Sorry. It’s quiet around here.

In a certain sort of way.  We feel very thrown off in part because Katherine’s returning to her October ways: she has stopped sleeping for more than a couple of hours at a stretch at night–and does not want to sleep by herself even when she does go back down.  In part because Sydney and I both have taken up a number of teaching duties that have kept us running; this past week, for example, I had nine hours of student conferences.  And, as usual, despite our best efforts, we’re having a hard time getting dissertation work done, simple as our switching-off schedule sounds (Is there a big black hole where dissertation time is supposed to be?  does it get swallowed up by Katherine feeding sessions?  cups of tea?  dish-washing?  I’m thinking about putting signs around town: “Lost: Dissertation time.  If you see it, please call.  I would describe it, but I haven’t seen it myself!”).
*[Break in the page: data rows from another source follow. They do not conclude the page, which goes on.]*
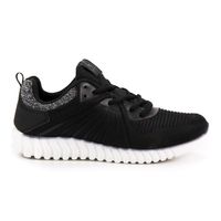 Czarne buty damskie to idealne rozwiązanie na siłownię lub trening fitness. Obuwie zostało wykonane z przepuszczalnego materiału tekstylnego, posiada syntetyczną podeszwę, która zapobiega ślizganiu się. Buty prezentują się stylowo, a biała podeszwa w zestawieniu z czarnym materiałem wygląda wyjątkowo efektownie.
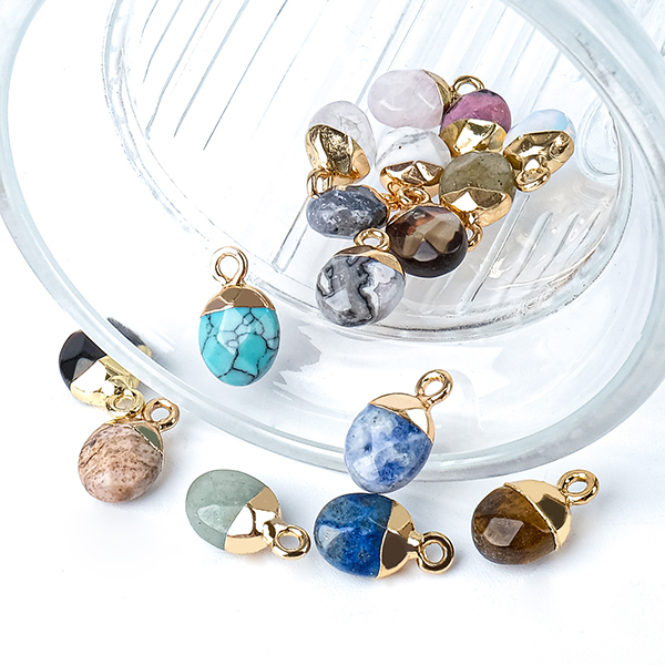 Pendente ovale in pietra sfaccettato con guarnizioni in ottone: perché ogni ciondolo di perline di pietra è realizzato con materiali naturali puri e ha un aspetto unico.
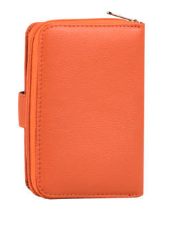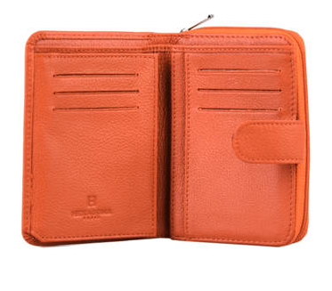 Intérieur : deux volets, quatre poches plates (dont deux à vue transparente), un porte-monnaie zippé avec trois compartiments principaux (dont un zippé), une poche billets et six emplacements carte
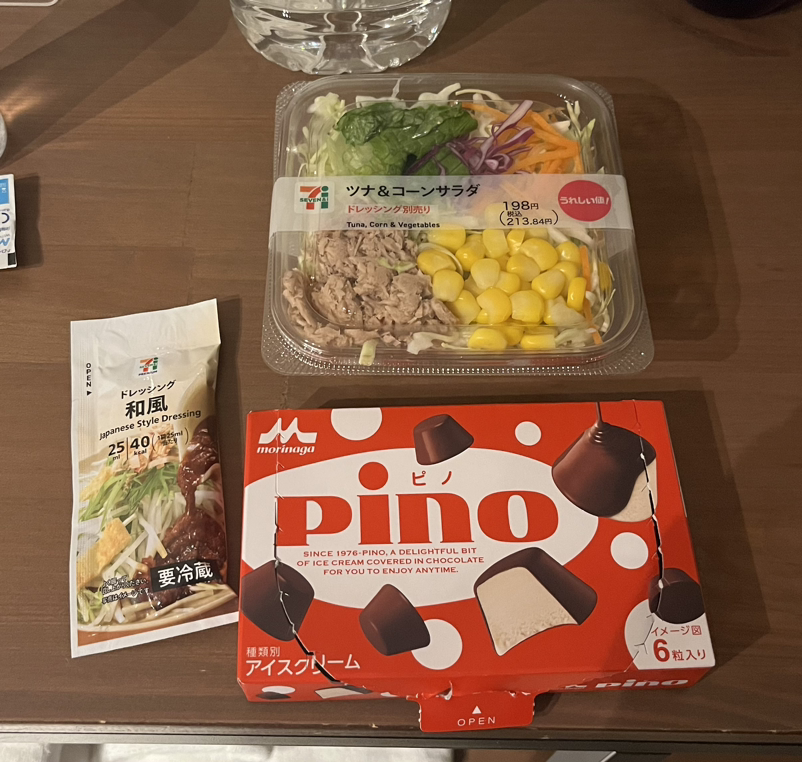 세븐일레븐에서 저녁 디저트로 모리나가 피노 아이스크림과 담날 아침에 먹을 샐러드를 미리 샀다. 편의점엔 카운터에 현금을 넣는 계산 기계가 있어서 신기했다. 피노 아이스크림은 바닐라 아이스크림에 초코 코팅인데 초코맛이 우리나라 제품들과 다르게 더 진해서 정말 맛있었다. 이날은 피곤해서 씻고 빠르게 취침.
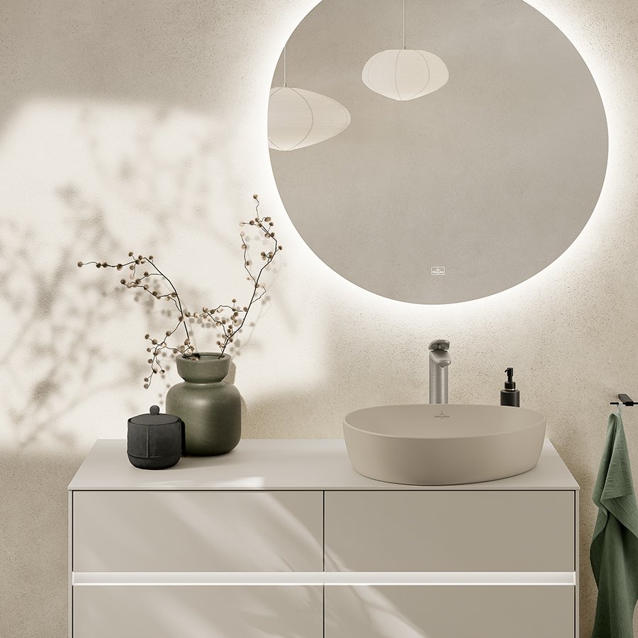 Chậu rửa đặt bàn Villeroy & Boch Antao mang thiết kế lấy cảm hứng từ giọt sương trên lá, nổi bật với đường cong mềm mại và hình dáng độc đáo. Sản phẩm được chế tác từ vật liệu TitanCeram siêu bền, có bề mặt mờ và tông màu Almond (Hạnh nhân), đi kèm lớp men chống bám bẩn CeramicPlus và công nghệ men TitanGlaze. Chậu không có lỗ xả tràn và không có lỗ gắn vòi, là lựa chọn tinh tế cho phòng tắm hiện đại.
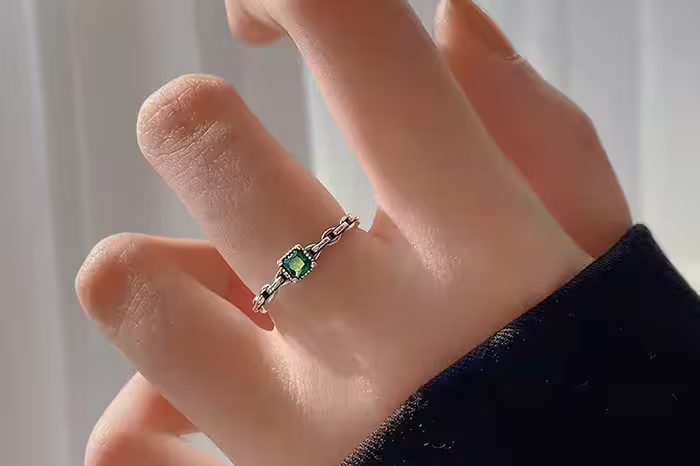925銀飾×方型綠鑽鍊條×開口戒指-第6張
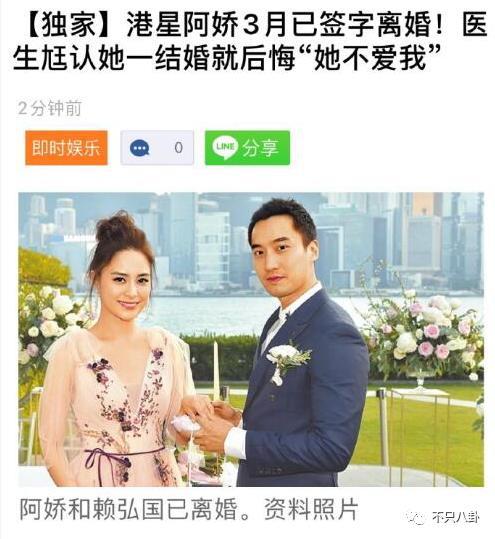 据港媒报道,2018年婚后不久阿娇就提出想要离婚,但是被赖弘国挽回了;今年2月,阿娇又提出离婚,结果俩人3月就真离了。
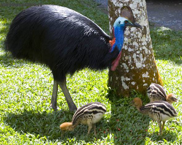 All three species of this flightless bird live in New Guinea, nearby islands and in northeastern Australia (Queen Island). The most numerous species is the double-wattled cassowary (Casuarius casuarius), which is the second heaviest bird after the red-necked ostrich (Struthio camelus) and at the same time, the third biggest bird after the common emu (Dromaiidae).
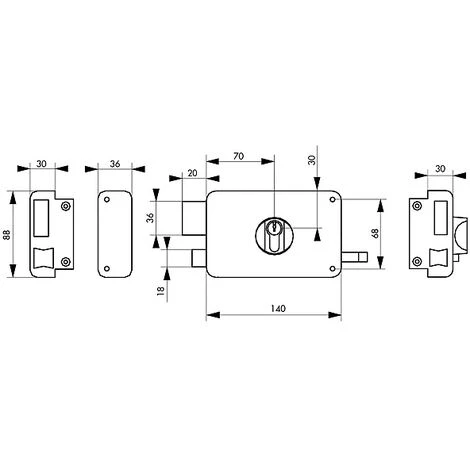 Serrures Ă cylindre europĂ©en OptimumSerrure en applique horizontale Ă tirage – PĂŞne dormant et demi-tour – A cylindre europĂ©en – Optimum Coffre de 140 x 88 mm.

In all of that talking with my students, I noticed that at a number of points I would ask them to explain their paper’s argument, and they would wave their hand and offer a phrase like “social structures” or “justifications.”  That’s an argument?  The older I get the less likely I am to assume I know what chain of thoughts is supposed to follow from such a catch-word.  At the graduate-student level, you see the same thing when  someone waves a hand and says, “Like [insert theorist or philosopher] says.”  Yup.  Uh-hunh.  Maybe I’ve been married to Sydney for too long, or maybe I’m realizing that people rarely know how to fill in that hand-waving part, but I’m less comfortable now than I once was with assuming I know what on earth someone means by such a wink-nod way of talking.  And as I got older and bolder I am more likely to ask, flat-out, for more explanation.  And then I finally learn something.